> **PROBLEM DETAILS**
Here the job is to transcribe the data exactly while omitting the images.

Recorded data

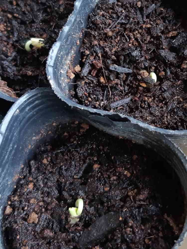 5月に蒔いたスプリットペタルが早くも種をつけ、それをまた蒔いたら3日目の今日小さな芽が出始めました。
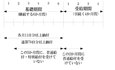 納付要件が、普通給付と重複してはいけない。 ・1のところで普通給付を受けていても、その前2か月間の納付によるものだから、重複しない。 ・2、3、4、5、6のいずれかで普通給付を受けていること は、1から5の間の納付のどれかを普通給付のために使ったことになるのでだめ ・その後の1、2の間で普通給付を受けていることは5、6あるいは6の納付を普通給付のために使ったことになるのでだめ ・2から6までのいずれかで特例給付を受けた場合も、やはり重複があるのでだめ。(条文上は、55条3項により、普通給付の支給を受けたとみなされるのでだめとしているが、意味は同じ)
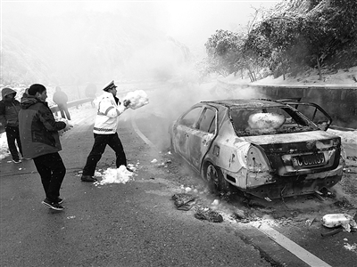1月31日上午9点,S211省道诸东线岭腰路段,一辆轿车着火,东阳市公安局交警大队巍山中队中队长陈江平等民警,在巡查时发现该情况后,立即找来灭火器对车子进行灭火,后轮番搬起雪球扔进车内,最终将火扑灭。
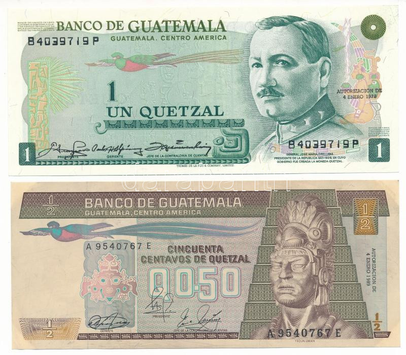 Guatemala 1978. 1 Quetzal + 1989. 1/2 Quetzal C:AU,VF
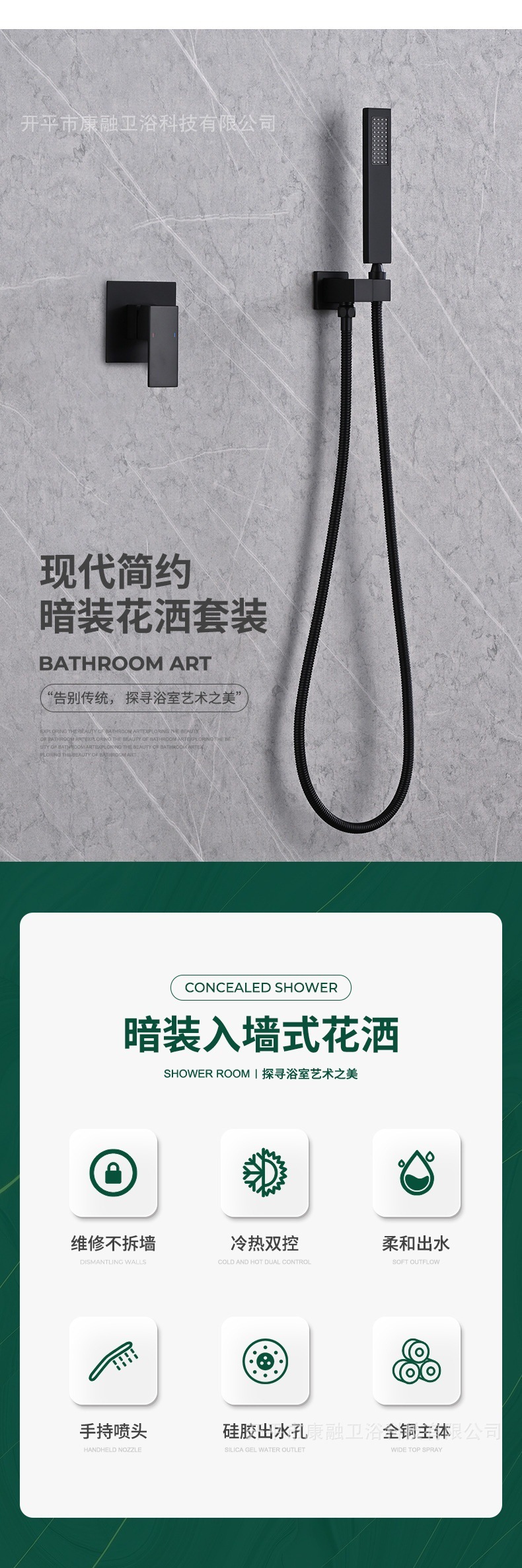 ドイツ製隠蔽式シャワーガン グレー 埋め込み式壁掛け浴室用 全銅製熱溶融家庭用シャワーセット 銅製
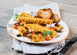 Sticks, aus Reis, exotischen Früchten und Gemüse geformt, in einer knusprigen Panade, küchenfertig zubereitet, vorgegart
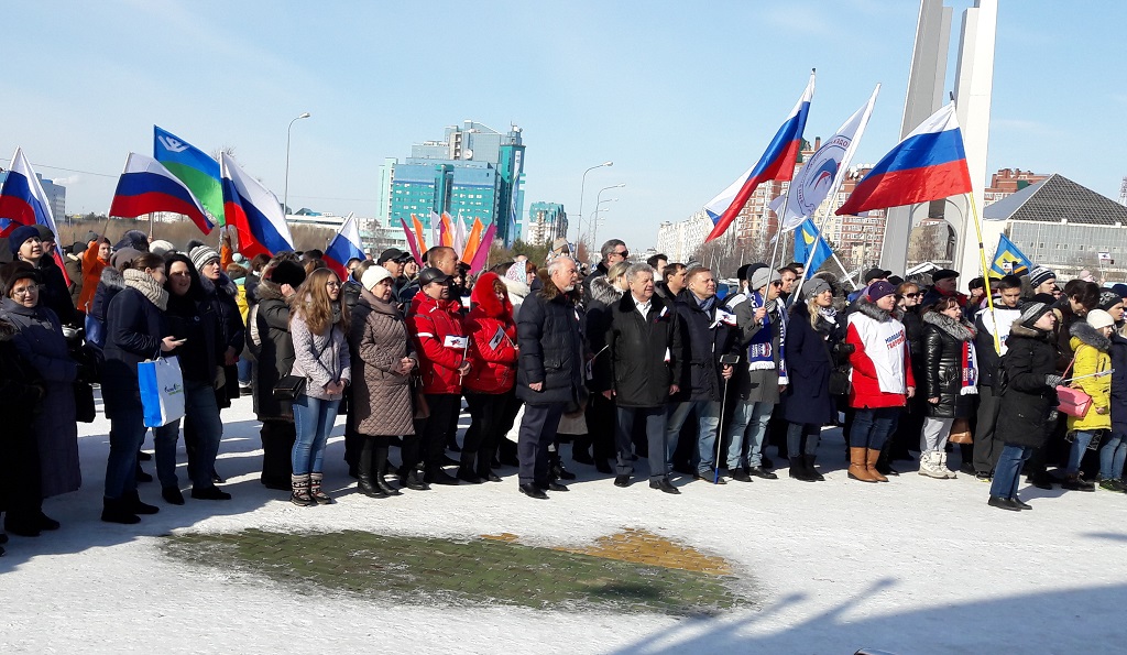 18 марта 2017 года на площади перед главный корпусом Сургутского государственного университета собрались студенты, молодежь,  представители ветеранских организаций, предприятий и учреждений, политических партий, чтобы третий раз отметить годовщину воссоединения Республики Крым и города федерального значения Севастополь с Россией.
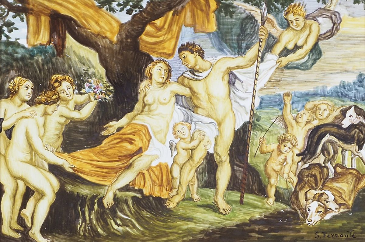 S. Ferrante Piastrella dipinta raffigurante scena nel bosco, cm. 20x30.
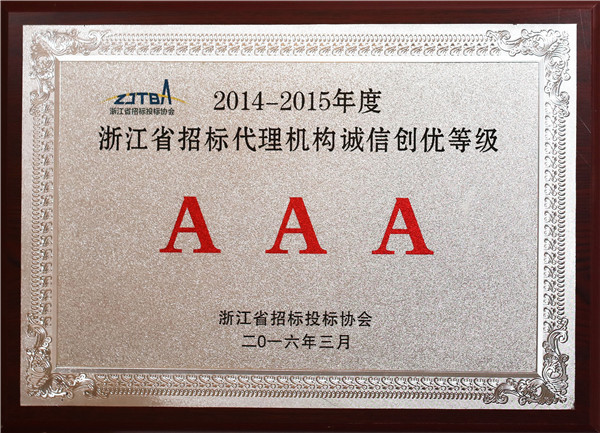2014-2015年度浙江省招标代理机构诚信创优等级AAA
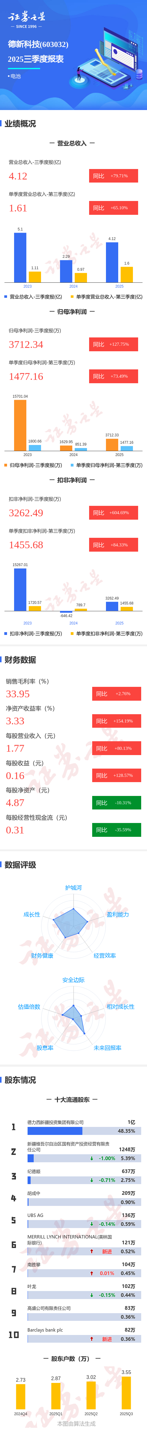 证券之星消息,德新科技2025年三季报显示,前三季度公司主营收入4.12亿元,同比上升79.72%;归母净利润3712.34万元,同比上升127.76%;扣非净利润3262.49万元,同比上升604.7%;其中2025年第三季度,公司单季度主营收入1.61亿元,同比上升65.1%;单季度归母净利润1477.16万元,同比上升73.5%;单季度扣非净利润1455.68万元,同比上升84.33%;负债率24.44%,投资收益173.65万元,财务费用566.56万元,毛利率33.95%。

> **RESPONSE**
 5月に蒔いたスプリットペタルが早くも種をつけ、それをまた蒔いたら3日目の今日小さな芽が出始めました。
 納付要件が、普通給付と重複してはいけない。 ・1のところで普通給付を受けていても、その前2か月間の納付によるものだから、重複しない。 ・2、3、4、5、6のいずれかで普通給付を受けていること は、1から5の間の納付のどれかを普通給付のために使ったことになるのでだめ ・その後の1、2の間で普通給付を受けていることは5、6あるいは6の納付を普通給付のために使ったことになるのでだめ ・2から6までのいずれかで特例給付を受けた場合も、やはり重複があるのでだめ。(条文上は、55条3項により、普通給付の支給を受けたとみなされるのでだめとしているが、意味は同じ)
1月31日上午9点,S211省道诸东线岭腰路段,一辆轿车着火,东阳市公安局交警大队巍山中队中队长陈江平等民警,在巡查时发现该情况后,立即找来灭火器对车子进行灭火,后轮番搬起雪球扔进车内,最终将火扑灭。
 Guatemala 1978. 1 Quetzal + 1989. 1/2 Quetzal C:AU,VF
 ドイツ製隠蔽式シャワーガン グレー 埋め込み式壁掛け浴室用 全銅製熱溶融家庭用シャワーセット 銅製
 Sticks, aus Reis, exotischen Früchten und Gemüse geformt, in einer knusprigen Panade, küchenfertig zubereitet, vorgegart
 18 марта 2017 года на площади перед главный корпусом Сургутского государственного университета собрались студенты, молодежь,  представители ветеранских организаций, предприятий и учреждений, политических партий, чтобы третий раз отметить годовщину воссоединения Республики Крым и города федерального значения Севастополь с Россией.
 S. Ferrante Piastrella dipinta raffigurante scena nel bosco, cm. 20x30.
2014-2015年度浙江省招标代理机构诚信创优等级AAA
 证券之星消息,德新科技2025年三季报显示,前三季度公司主营收入4.12亿元,同比上升79.72%;归母净利润3712.34万元,同比上升127.76%;扣非净利润3262.49万元,同比上升604.7%;其中2025年第三季度,公司单季度主营收入1.61亿元,同比上升65.1%;单季度归母净利润1477.16万元,同比上升73.5%;单季度扣非净利润1455.68万元,同比上升84.33%;负债率24.44%,投资收益173.65万元,财务费用566.56万元,毛利率33.95%。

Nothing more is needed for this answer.